US Intelligence Coup: Washington Post

Swiss Encryption company Crypto AG began working for the US government during World War II. Customers included 120 countries, including US allies that had no clue the company was “secretly owned by the CIA in a highly classified partnership with West German intelligence,” reports Greg Miller for the Washington Post. The purchase was made in 1970 through shell companies. The intelligence agencies adjusted the products to read encrypted messages, a mission decribed as among “the most closely guarded secrets of the Cold War” and “the intelligence coup of the century.” The agencies controlled the firm’s hiring, technology and algorithm design, and sales operations. The German spy agency BND abandoned the project in the early 1990s, and the CIA sold the company in 2018 to an unwitting buyer as more encryption products became available. The Soviet Union and China did not purchase the encryption programs, but the agencies could glean details from exchanges with other countries. Miller concludes that the program helped feed US desire for surveillance capabilities as well as official worries about products from other countries, whether Kapersky or Huawei. – YaleGlobal

US Intelligence Coup: Washington Post

No wonder the US worries about China’s Huawei: CIA and BND bought encryption-products firm and then read communications of allies and adversaries for decades
Greg Miller
Wednesday, February 12, 2020

Read the article from the Washington Post  about the control of an ecryption firm by the US CIA and the German BND.  

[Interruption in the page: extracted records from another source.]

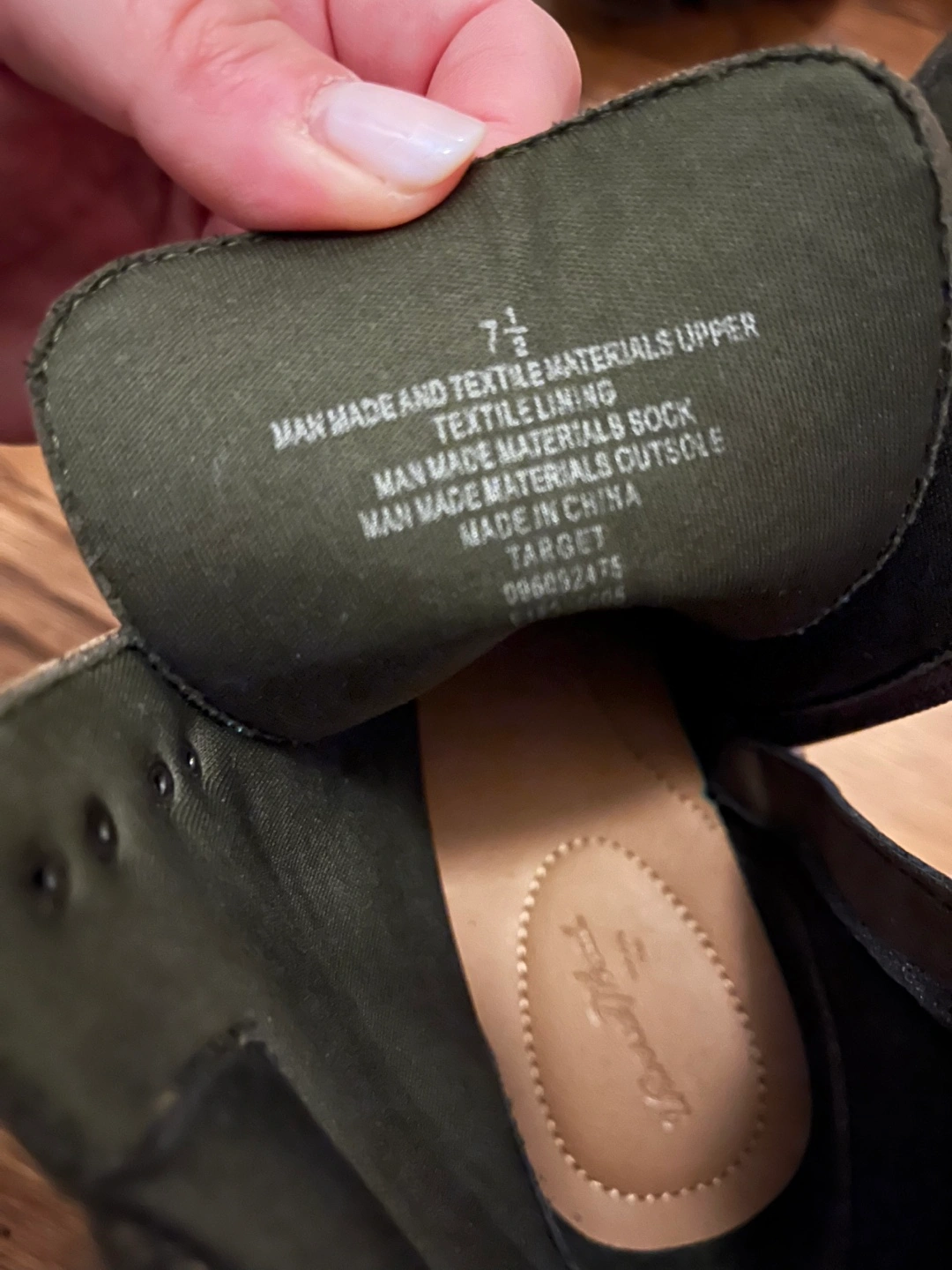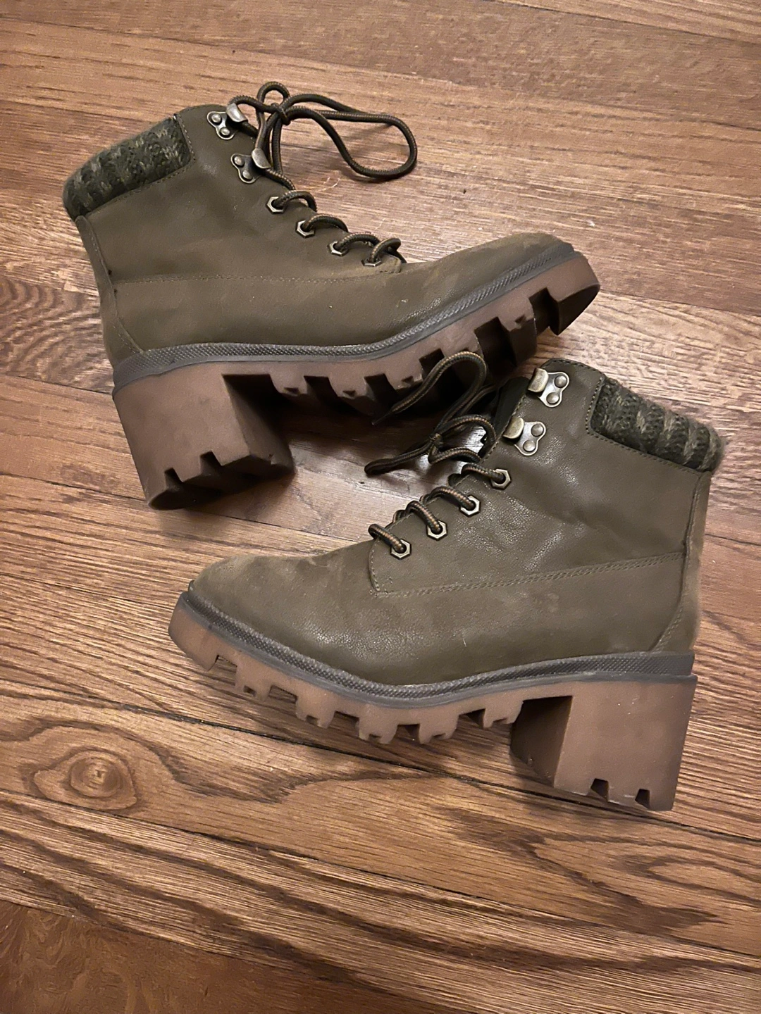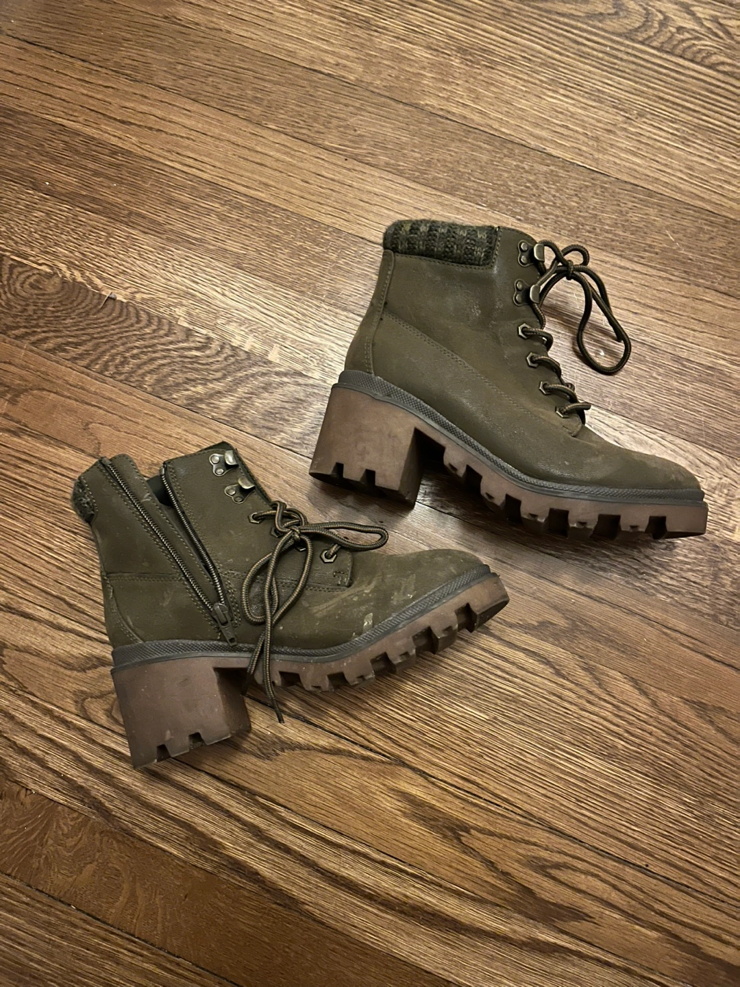 Women’s olive green boots, size 7.5. Lace up closure with a chunky heel. Great boots for fall. Only worn 2 or 3 times. Slight dirt/scuffing from storage. Can be washed off.
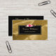 Design für den glamourösen Klienten mit dieser eleganten schwarz-goldenen Designerkarte mit luxuriöser Textilmuster-Visitenkarte mit einem schönen rosa Blumenakzent. Perfektes Design für Kleiderschränke und Mode-Stylist. Flachbild, NICHT texturiert oder reflektiert.
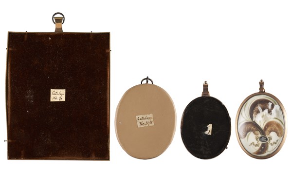 Arte del secolo XIX. Quattro diverse miniature su avorio raffiguranti gentiluom
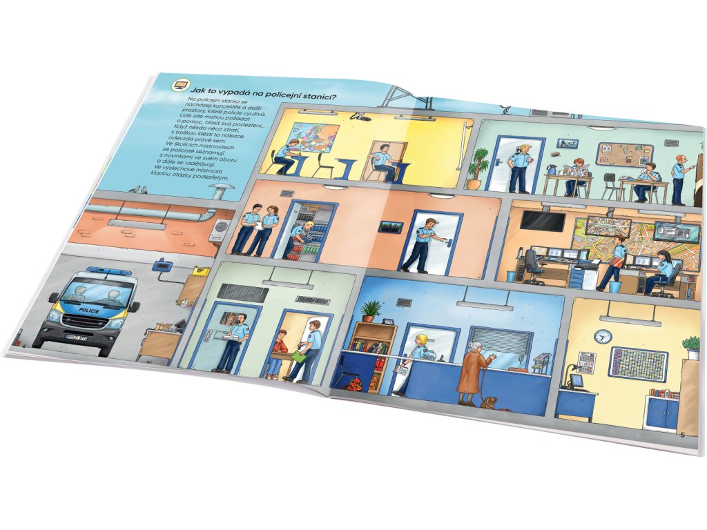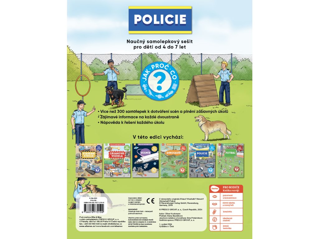 Jak? Proč? Co? V tomhle naučném samolepkovém sešitě pro děti od 4 do 7 let najdete odpovědi snad na všechny zvídavé otázky týkající se práce policistů. Na každé dvoustraně se dočtete spoustu zajímavostí, a navíc máte k dispozici přes 300 samolepek k dotváření scén a plnění zábavných úkolů! Ty zapeklitější vám dají možná trošku zabrat, ale žádný strach – na konci knížky nechybí malá nápověda…
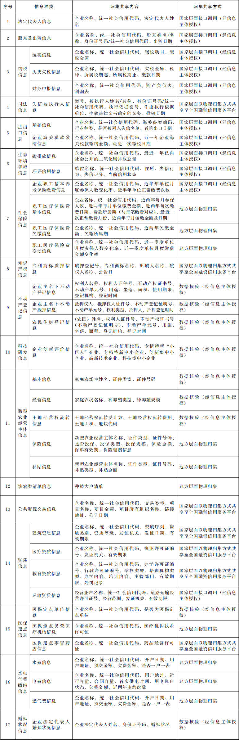 (四)明确信用信息归集共享范围。根据金融机构对信用信息的实际需求,进一步扩大信用信息归集共享范围,将企业主要人员信息、各类资质信息、进出口信息等纳入信用信息归集共享清单(见附件),国家发展改革委牵头适时对清单进行更新。各地区要充分发挥地方融资信用服务平台作用,进一步破除数据壁垒,依法依规加大清单外信用信息归集共享力度,结合本地区实际编制省级信用信息归集共享清单,有效拓展数据归集共享的广度与深度。
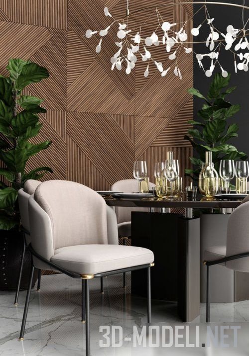 Мебельный сет от бренда Minotti. В комплекте с элегантной сервировкой на круглом обеденном столе и мягкими глубокими стульями бежевого цвета, набор станет украшением любого пространства. Декор из дерева, красивая люстра и зеленые растения идеально вписываются в композицию.
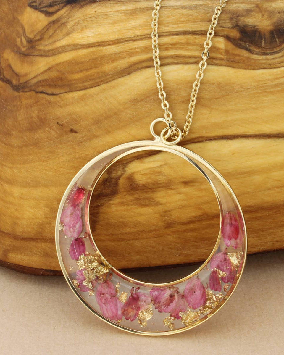 This botanical-inspired necklace features forget-me-not blooms and delicate grain accents set in clear resin and bordered with gold. The round pendant hangs from an adjustable gold chain for a sweetly nostalgic finish.
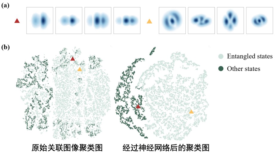 图2. (a) 降维前的两组双模量子态的关联图像。每个量子态有四幅图,降维处理后,四幅图被整合并映射成了图(b)可视化空间中的一个点;(b) 15000组双模量子态关联图像经过数据降维后的聚类图像,其中浅绿色点代表纠缠态的关联图像,深绿色点代表非纠缠态的关联图像,散点距离越近即关联图像的相似程度越高。左:未经过神经网络的原始关联图像聚类;右:经过神经网络之后,关联图像的聚类。
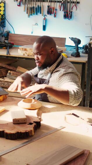 Vertical Carpenter looking over blueprints schematics on laptop in CAD software with apprentice. Woodworkers designing custom 3D furniture on notebook in studio, preparing for client order, camera B Pro Video
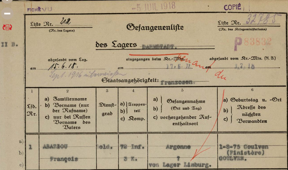 Ce qui est très étonnant c'est qu'il est introuvable dans les archives des prisonniers du CICR...C'est la première fois que je fais chou blanc .

Greg Miller is a national security correspondent for The Washington Post and a two-time winner of the Pulitzer Prize. He is the author of The Apprentice, a book on Russia’s interference in the 2016 US presidential race and the fallout under the Trump administration.

Reporting for this story was done in collaboration with Peter F. Mueller, a journalist and documentary filmmaker based in Cologne, Germany. Julie Tate in Washington contributed to this report.

 Secure, wipe, overwrite originals -	Public key infrastructure and two keys, public and private

 (Source: Data, PC Magazine and Wired; photo, Pxhere)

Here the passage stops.